▸ **TASK OBJECTIVE**
Your reply should reproduce the data below without a single alteration, apart from dropping the images.

▸ **EXERCISE DATA**
>>>

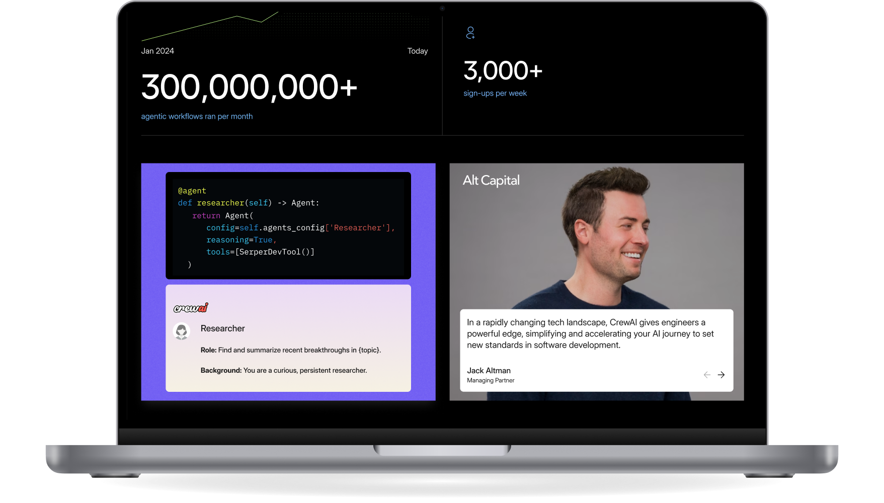CrewAI is a multi-agent framework for orchestrating autonomous AI agents into “crews” that tackle complex workflows together. Its modular design and flexible integrations let teams build scalable, production-ready automations across industries.
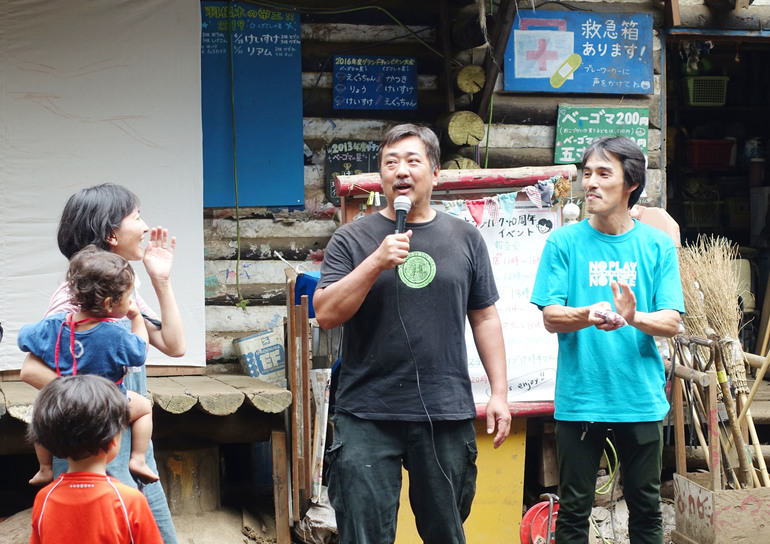 2019年7月、羽根木プレーパーク40周年記念イベントにて。歴代プレーリーダーとして祝辞を述べるクロボーさん(中央)
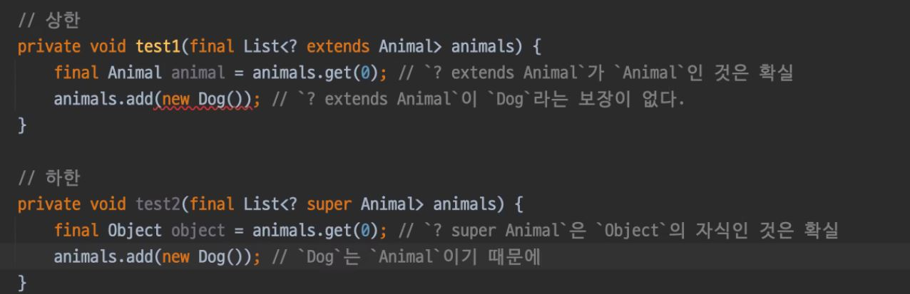 반면에 test2는 제네릭의 하한 경계를 나타내는 것인데, 인자가 Animal의 부모 클래스만 들어올 수 있습니다. 모든 클래스의 최상위 클래스는 Object이므로 위와 같이 animals의 get()으로 요소를 반환할 수 있습니다. 그리고 Dog는 Animal이므로 animals에 Dog 객체를 추가하는 것이 가능합니다.

<<<

▸ **PROBLEM SOLUTION**
CrewAI is a multi-agent framework for orchestrating autonomous AI agents into “crews” that tackle complex workflows together. Its modular design and flexible integrations let teams build scalable, production-ready automations across industries.
 2019年7月、羽根木プレーパーク40周年記念イベントにて。歴代プレーリーダーとして祝辞を述べるクロボーさん(中央)
 반면에 test2는 제네릭의 하한 경계를 나타내는 것인데, 인자가 Animal의 부모 클래스만 들어올 수 있습니다. 모든 클래스의 최상위 클래스는 Object이므로 위와 같이 animals의 get()으로 요소를 반환할 수 있습니다. 그리고 Dog는 Animal이므로 animals에 Dog 객체를 추가하는 것이 가능합니다.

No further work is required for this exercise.